|Reviews for Trick DRAFT|
| doddlz chapter 35 . 11/28/2010
omg I LOVE ur story! I have NO idea why u find it an embarrassment! I can't wait to read ur revised version! But I'm still left with one question that was never answered: why was Terra different from the other blood dolls? and why was Ratapu so reluctant to talk about her? otherwise realy awesome story!
| LovestoLaugh chapter 36 . 11/23/2010
Honestly, I don't understand why you are taking this story down. I know that you are revising this and you say that it has a lot of errors, but I didn't see any that caused a problem. This story was definitely more well-written than most of the stories I have read on this site. I think that this story is absolutely beautifully written. This story is one of my favorite stories on this site now. It is so intriguing and enthralling. I couldn't stop reading it. I only discovered this story a few days ago and I was afraid that I wasn't going to be able to finish it before you took it down. I wish you weren't taking this story down! You are a wonderful author and wrote this story really well. I don't know why you don't think so.

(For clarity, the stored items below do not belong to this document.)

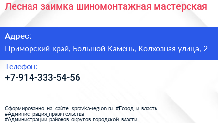 Лесная заимка, шиномонтажная мастерская по адресу Приморский край, Большой Камень, Колхозная улица, 2 в дальнейшем Организация, размещена в следующих категориях: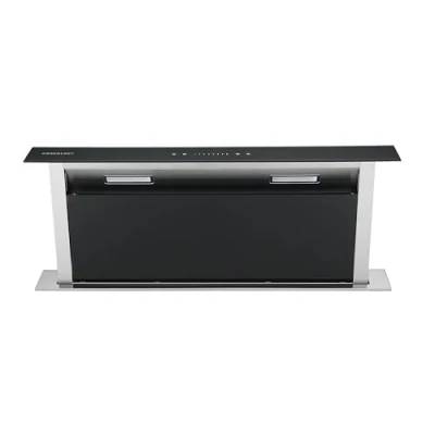 The CDD90 is our most popular and best selling Cookology downdraft cooker hood, featuring a centre panel with touch controls for a Sleek, Cutting Edge Designer Downdraft Extractor. It will only work with electric hobs and cannot be installed next to gas hobs. The ACF905 carbon filter is now available (sold separately), so you now have a choice between venting outside or recirculating the air back into your kitchen. This hood is sure to impress your guests with its gorgeous design, high quality build and professional performance. A Downdraft Cooker Hood gets built into your Kitchen counter. When its not being used, all you see is a flat, elegant strip of glass with Touch Controls that looks great next to a Ceramic or Induction Hob. When holding your finger for 2 seconds on the touch controls, the Downdraft elegantly rises up, and starts extracting smoke and smells to keep your kitchen smelling fresh and prevent grease and grime from Building up over your units whilst cooking. You also get LED Lighting that bathes your cooking area in a cool, white light, adding a touch of class to a modern kitchen - with this Downdraft Island Extractor you can also adjust the intensity of the LED Lights using the touch controls and create the right ambience in your kitchen.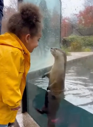 Her parents stood a few steps behind, touched by how gentle the otter was. It wasn’t scratching, biting, or acting afraid — it simply stared at Mia, tapping its tiny paw against the glass as if trying to communicate.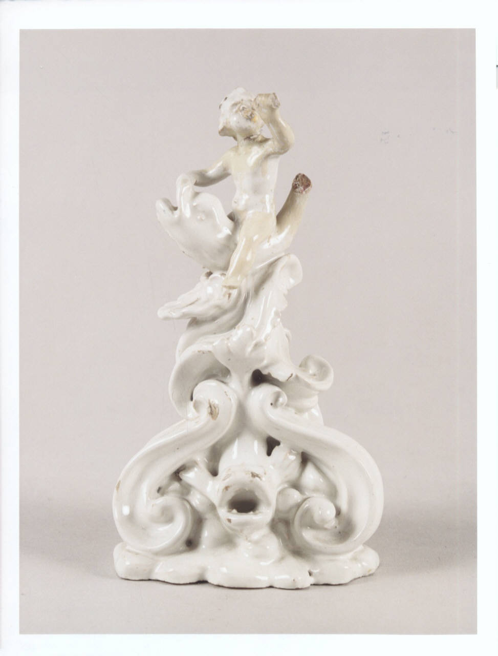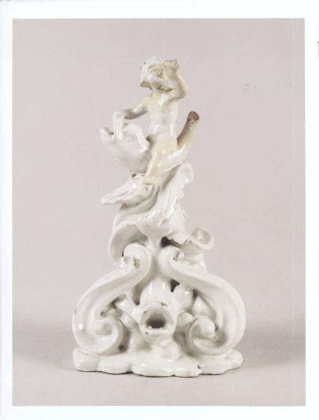 Putto che soffia nella buccina, a cavallo di un delfino; base formata da volute e delfino centrale.

All there is left to say is: Please get the revised version updated and finished soon! I can guarantee that I'll be reading it.

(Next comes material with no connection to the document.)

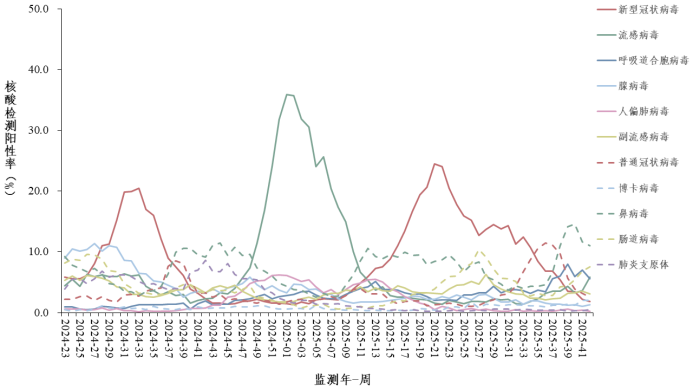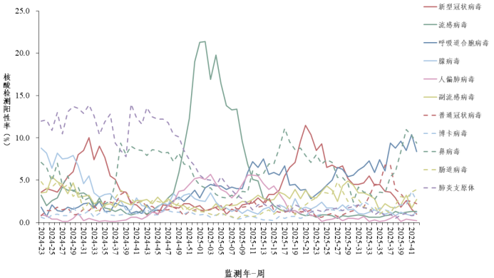 2025年第42周(2025年10月13日—10月19日),对全国哨点医院(不含港澳台)采集的门急诊流感样病例和住院严重急性呼吸道感染病例的呼吸道样本,开展新型冠状病毒、流感病毒、呼吸道合胞病毒、腺病毒、人偏肺病毒、副流感病毒、普通冠状病毒、博卡病毒、鼻病毒和肠道病毒等10种病毒以及肺炎支原体在内的多种呼吸道病原体检测。

| cheesecake15 chapter 36 . 10/26/2010
loved your story! would write more but i'm off to bed!
g'night and awesome story!
. xx .
| DA-chen1 chapter 23 . 10/19/2010
Really nice and long chapter! :)
| DA-chen1 chapter 18 . 10/16/2010
Wonderful :-) I really like it!
But what is about Valeska? What was her name anyway? I forgot.

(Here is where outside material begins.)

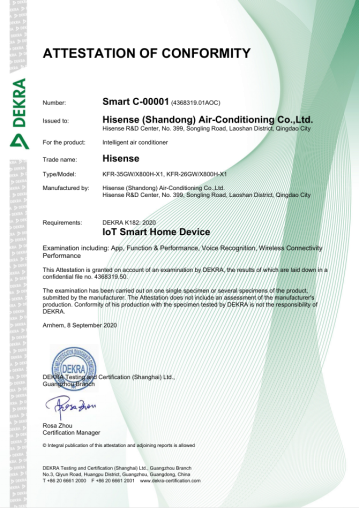 9月9日,全球知名第三方專業(yè)檢測認證機構(gòu)DEKRA德凱在2020安全智慧城市展覽會舉辦了全球首張Smart Home認證證書頒證儀式。海信健康家X8新風空調(diào)榮獲智能空調(diào)K182標準001號證書,海信也成為全球首家通過該認證的空調(diào)品牌。

She saw the magic behind Trick, did she never ask any questions?
| DA-chen1 chapter 14 . 10/15/2010
Really funny! And really exciting! I love your story!
| Genato chapter 35 . 10/15/2010
There was a lot of grammatical errors.. misspelled words.. yada yada... BUT THE STORY WAS GREAT! :) But I would have preferred more Trick/Helana mushy parts... There were lots of loose ends though. :) But that's fine.. You probably saw them anyway, so you're gonna set them right in the revised version. Thank you for making me happy with your story! :)
| DA-chen1 chapter 3 . 10/14/2010
Very nice story of yours!
I can help you, especially for the German parts because I'm German! :)
Actually, I was about to have a horrible nightmare, so I should probably be thanking you for waking me. But I won't, because you a cold hearted person and did it to somehow hurt of offended me. So instead I'll talk in German to piss you off because I'm quite sure you don't understand a word I'm saying. And while I'm at it, I rather dislike you and those shoes don't match your outfit at all.
Translation: "Ich hatte gerade einen schrecklichen Albtraum, also sollte ich Ihnen eigentlich danken, dass Sie mich aufgeweckt haben! Aber ich tu es nicht, denn Sie sind kaltherzig und taten dies nur, um mich zu erschrecken! Deshalb rede ich jetzt nur in Deutsch, damit mache ich Sie sicher wütend, weil Sie kein Wort von dem verstehen. Und weil ich schon einmal dabei bin, ich mag Sie nicht wirklich und diese Schuhe passen nicht zu Ihrem Outfit!"
I hope, you will use it! ;)
| Lalala chapter 1 . 10/8/2010
This is GREAT! I adore it!
| To Lazy To Log In chapter 1 . 10/8/2010
I love this story. I'm reading both the revised and the Draft just cause :D
| Aradia Cloud chapter 15 . 9/3/2010
I like Jakobi.
| Aradia Cloud chapter 5 . 9/1/2010
I know someone named Jakobi. Except it's spelled "Jacobie". And the "Jakobi" guy in this story is suspicious.
| Kaitlynn chapter 36 . 8/27/2010
Personally this story should be published in stores...one of the best stories I have read in a while. Including published peices
| e r a w e r a chapter 35 . 8/24/2010
Firstly, I made 1060 reviews! lol
But seriously, I love this story and it has made me actually get up and write the one I have been wanting to do for years. Thank you for a delicious read with characters that are actually believable.
| stare at string chapter 35 . 8/9/2010
Wow, that was a pretty cool story! I love how unique the werewolf-fae idea is, and Trick (and Jakobi), are such wonderful characters. I think your 'death' (yeah,so they weren't actually dead) scenes need to be longer though, I almost missed them. Keep on writing!